* **TASK PROMPT**: Reproduce, word for word, the lines in the material below starting with the one that has "按照南方财富网概念查询工具统" and going on through the one that has "Стильний та елегантний". Leave out all pictures.

* **DATA RECORDS**:

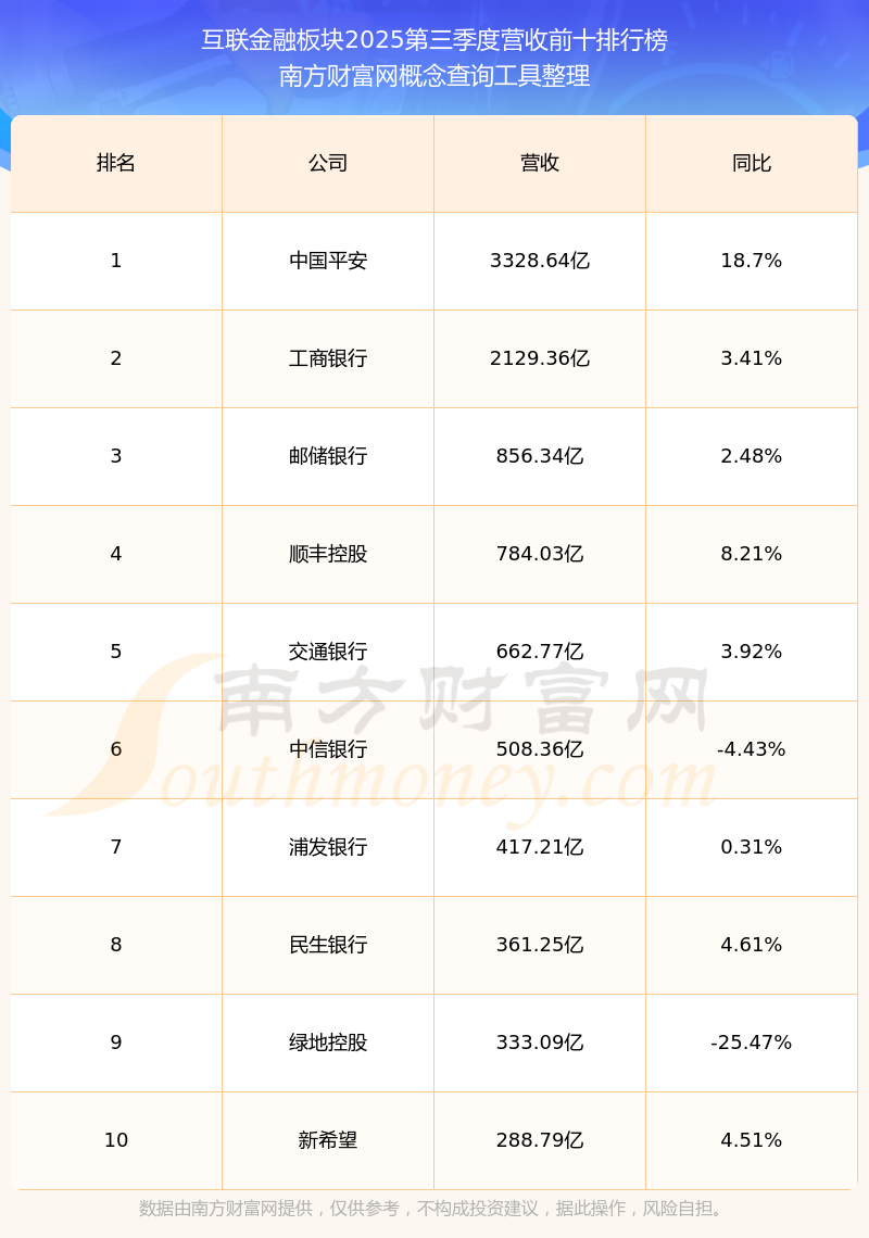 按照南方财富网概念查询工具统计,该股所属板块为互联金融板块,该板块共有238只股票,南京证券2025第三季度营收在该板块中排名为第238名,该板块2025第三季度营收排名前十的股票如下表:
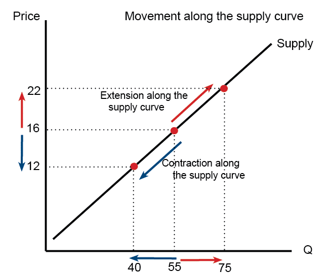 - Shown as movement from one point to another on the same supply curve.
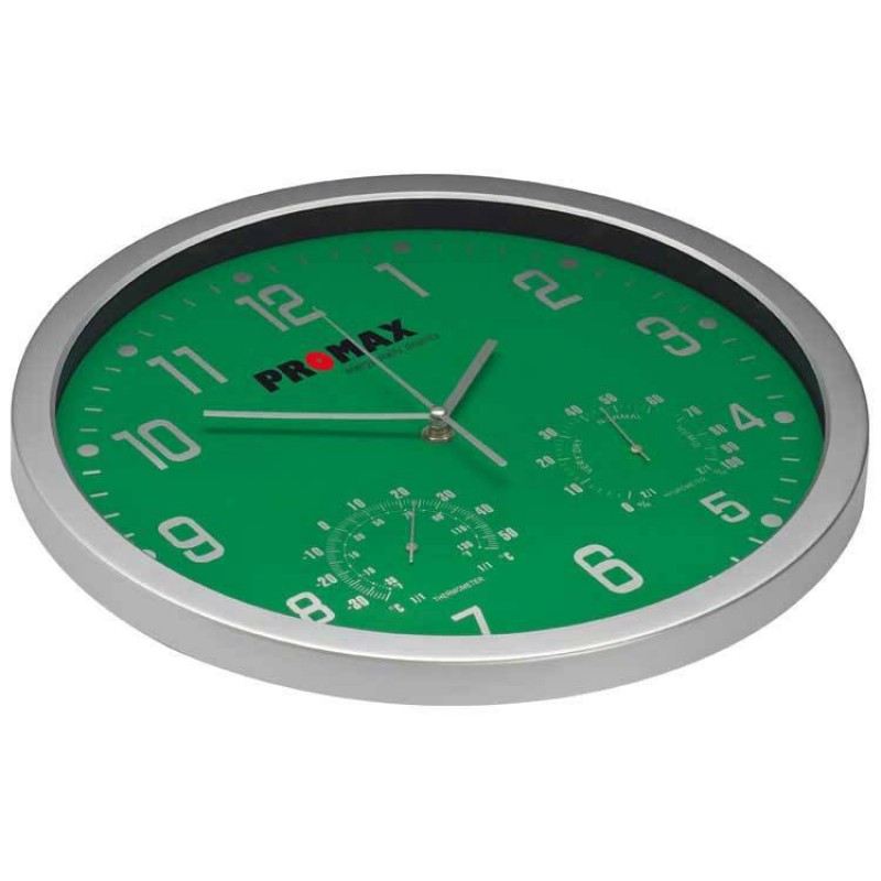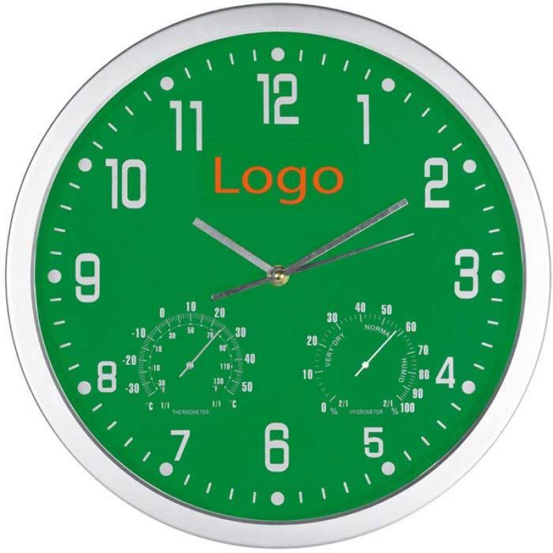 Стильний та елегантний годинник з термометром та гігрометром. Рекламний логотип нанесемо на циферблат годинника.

* * *

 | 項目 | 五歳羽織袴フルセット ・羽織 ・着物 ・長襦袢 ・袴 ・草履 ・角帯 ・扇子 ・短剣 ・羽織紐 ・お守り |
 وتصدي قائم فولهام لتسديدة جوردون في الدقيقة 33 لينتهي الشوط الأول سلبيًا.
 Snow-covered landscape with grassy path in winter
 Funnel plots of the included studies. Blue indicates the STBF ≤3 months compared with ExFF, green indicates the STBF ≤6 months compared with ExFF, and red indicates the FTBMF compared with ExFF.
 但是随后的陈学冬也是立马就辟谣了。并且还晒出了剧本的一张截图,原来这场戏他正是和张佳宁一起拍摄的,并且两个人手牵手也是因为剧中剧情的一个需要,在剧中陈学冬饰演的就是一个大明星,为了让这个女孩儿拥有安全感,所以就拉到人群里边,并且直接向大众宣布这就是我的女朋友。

...

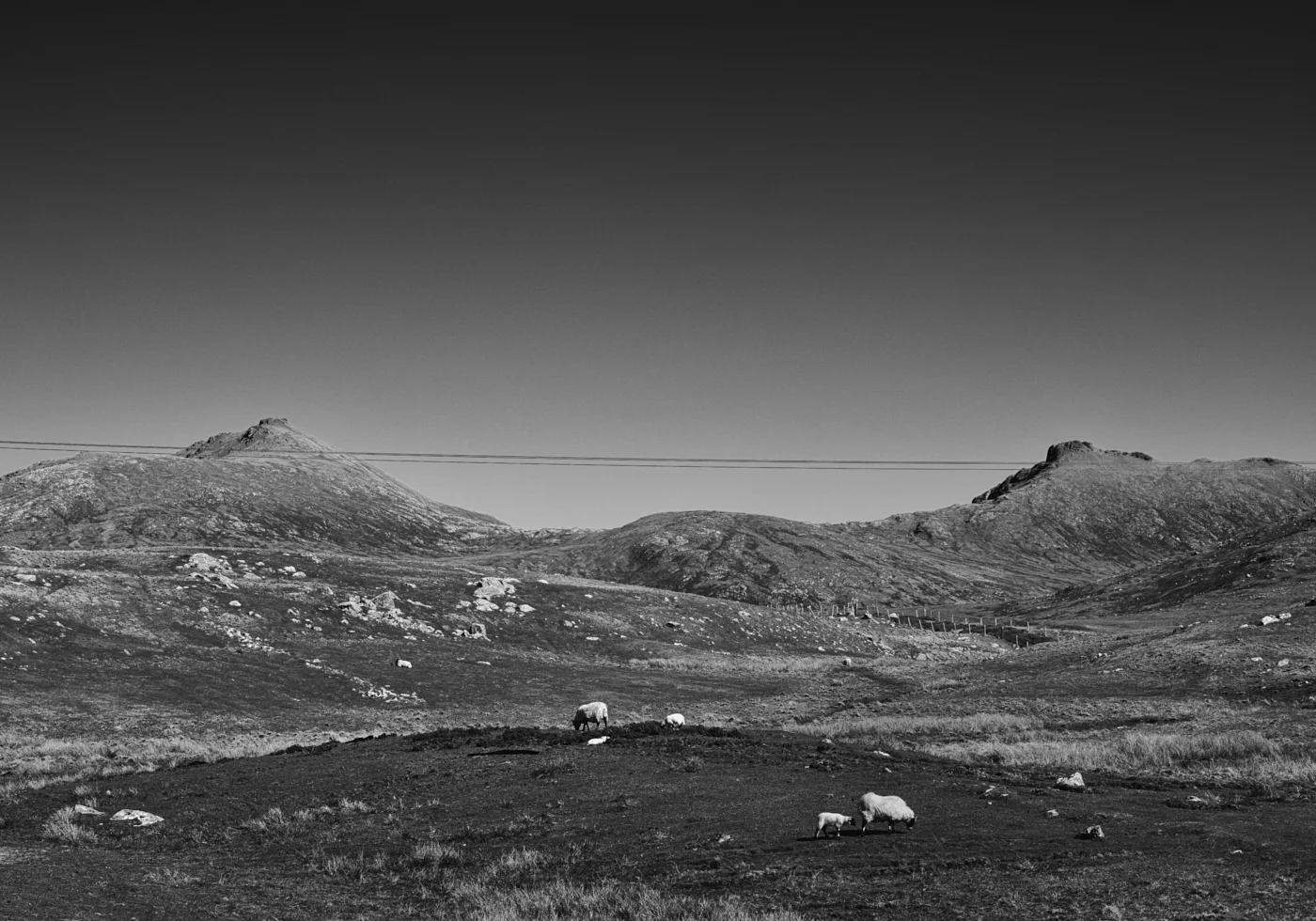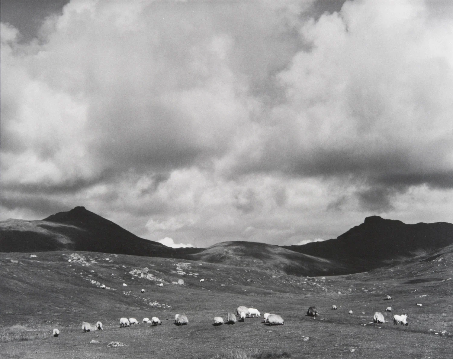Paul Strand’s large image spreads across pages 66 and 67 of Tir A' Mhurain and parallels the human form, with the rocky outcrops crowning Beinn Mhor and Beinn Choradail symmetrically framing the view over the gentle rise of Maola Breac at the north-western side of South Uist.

* **OUTPUT BELOW**:
 按照南方财富网概念查询工具统计,该股所属板块为互联金融板块,该板块共有238只股票,南京证券2025第三季度营收在该板块中排名为第238名,该板块2025第三季度营收排名前十的股票如下表:
 - Shown as movement from one point to another on the same supply curve.
 Стильний та елегантний годинник з термометром та гігрометром. Рекламний логотип нанесемо на циферблат годинника.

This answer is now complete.